## WORK TO COMPLETE
Although the records contain pictures, only their text should be reproduced, exactly as written.

Saved data entries:
▽

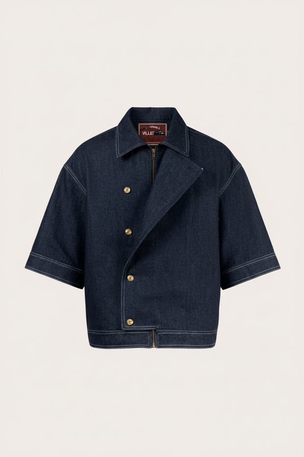La Jacket Crossover Flap est une version améliorée de la classique veste en Denim inspirée des vêtements des années 90's / 2000. Doté d'un rabat recouvrant le zip YKK, de 5 boutons-pression sur le devant de la veste, le vêtement est composé uniquement de coton, 14oz, 475gr/m2 l'un des Denims les plus brut. La silhouette est carrée, exagérées pour garder un coté ancien a la veste ajoutant à l'aspect brut au design.
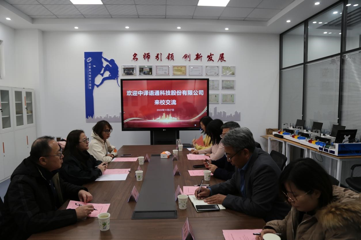 11月27日下午,中译语通科技股份有限公司副总裁张晓丹一行3人到我校交流访问,副院长梁会亭与计算机与软件工程系相关人员参与交流研讨。
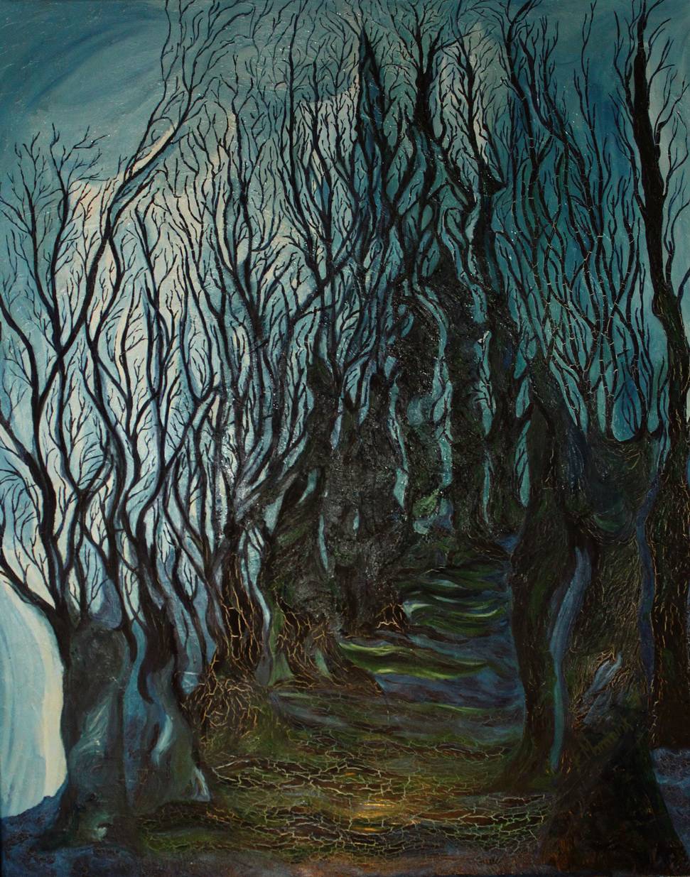 Na obrazie dominuje mroczny las z nagimi, poskręcanymi gałęziami, które majestatycznie sięgają ku bladoniebieskiemu niebu. Drzewa tworzą gęsty, niemal labiryntowy tunel, otulony delikatnym, tajemniczym światłem przypominającym wczesny zmierzch. Zieleń trawy pod drzewami odcina się od ciemnych pni, przyciągając wzrok niczym secret path, który próbuje rozbudzić ciekawość. Nastrój dzieła wiruje między tajemnicą a niepokojem, niczym bajka, którą opowiada się przy ognisku. Artysta zastosował dynamiczne pociągnięcia pędzla, podkreślające ruch i chaos natury. Klimat malowidła jest surowy i zimny, a jednocześnie fascynujący. Czujesz się jak w środku snu, gdzie każde drzewo mogłoby nagle ożyć i powiedzieć swoją historię. Patrząc na obraz, można poczuć delikatny dreszczyk emocji. Coś jak odkrywanie nowego, tajemniczego miejsca, które jednocześnie przyciąga i odpędza swoją aurą. Las wydaje się być pochłonięty ciszą, która krzyczy o zagubionych opowieściach. Kto tam kiedyś chodził? Może kot zawsze schowa się w cieniu drzew – myśli siedmiolatka. Magiczne, prawda? Kaloryczna paleta barw mieni się subtelnie, dodając głębokości i dramatyzmu. Dzieło emanuje esencją czegoś pierwotnego i nieokiełznanego. Jest coś hipnotyzującego w jego chaosie i harmonii, co sprawia, że chce się w nim zgubić, choć na chwilę.
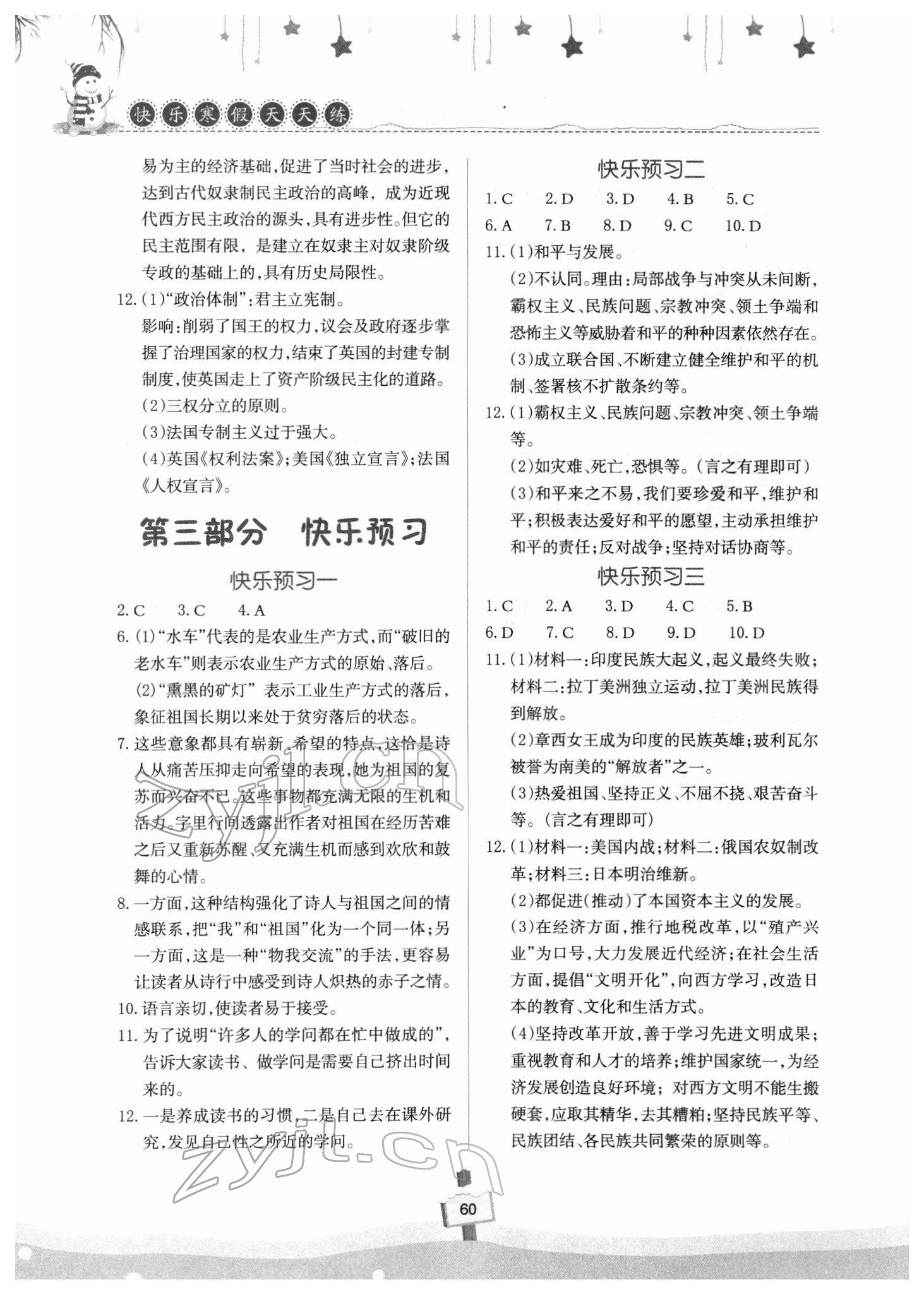 2022年快乐寒假天天练九年级语文道德与法治历史
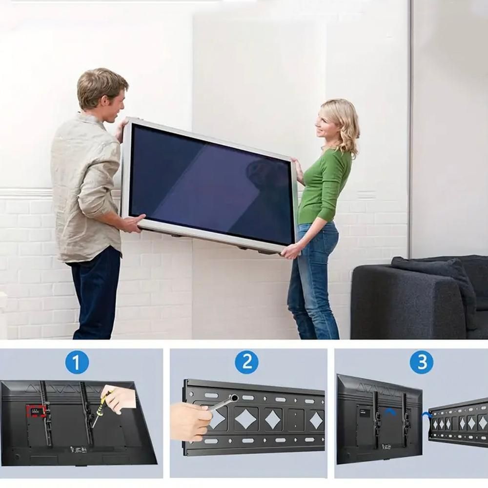 - Цей кронштейн виготовлений із високоякісної сталі, що забезпечує стійкість до навантажень та гарантує безпечне кріплення телевізора навіть за тривалої експлуатації.

△

## SOLVED EXERCISE
La Jacket Crossover Flap est une version améliorée de la classique veste en Denim inspirée des vêtements des années 90's / 2000. Doté d'un rabat recouvrant le zip YKK, de 5 boutons-pression sur le devant de la veste, le vêtement est composé uniquement de coton, 14oz, 475gr/m2 l'un des Denims les plus brut. La silhouette est carrée, exagérées pour garder un coté ancien a la veste ajoutant à l'aspect brut au design.
 11月27日下午,中译语通科技股份有限公司副总裁张晓丹一行3人到我校交流访问,副院长梁会亭与计算机与软件工程系相关人员参与交流研讨。
 Na obrazie dominuje mroczny las z nagimi, poskręcanymi gałęziami, które majestatycznie sięgają ku bladoniebieskiemu niebu. Drzewa tworzą gęsty, niemal labiryntowy tunel, otulony delikatnym, tajemniczym światłem przypominającym wczesny zmierzch. Zieleń trawy pod drzewami odcina się od ciemnych pni, przyciągając wzrok niczym secret path, który próbuje rozbudzić ciekawość. Nastrój dzieła wiruje między tajemnicą a niepokojem, niczym bajka, którą opowiada się przy ognisku. Artysta zastosował dynamiczne pociągnięcia pędzla, podkreślające ruch i chaos natury. Klimat malowidła jest surowy i zimny, a jednocześnie fascynujący. Czujesz się jak w środku snu, gdzie każde drzewo mogłoby nagle ożyć i powiedzieć swoją historię. Patrząc na obraz, można poczuć delikatny dreszczyk emocji. Coś jak odkrywanie nowego, tajemniczego miejsca, które jednocześnie przyciąga i odpędza swoją aurą. Las wydaje się być pochłonięty ciszą, która krzyczy o zagubionych opowieściach. Kto tam kiedyś chodził? Może kot zawsze schowa się w cieniu drzew – myśli siedmiolatka. Magiczne, prawda? Kaloryczna paleta barw mieni się subtelnie, dodając głębokości i dramatyzmu. Dzieło emanuje esencją czegoś pierwotnego i nieokiełznanego. Jest coś hipnotyzującego w jego chaosie i harmonii, co sprawia, że chce się w nim zgubić, choć na chwilę.
 2022年快乐寒假天天练九年级语文道德与法治历史
 - Цей кронштейн виготовлений із високоякісної сталі, що забезпечує стійкість до навантажень та гарантує безпечне кріплення телевізора навіть за тривалої експлуатації.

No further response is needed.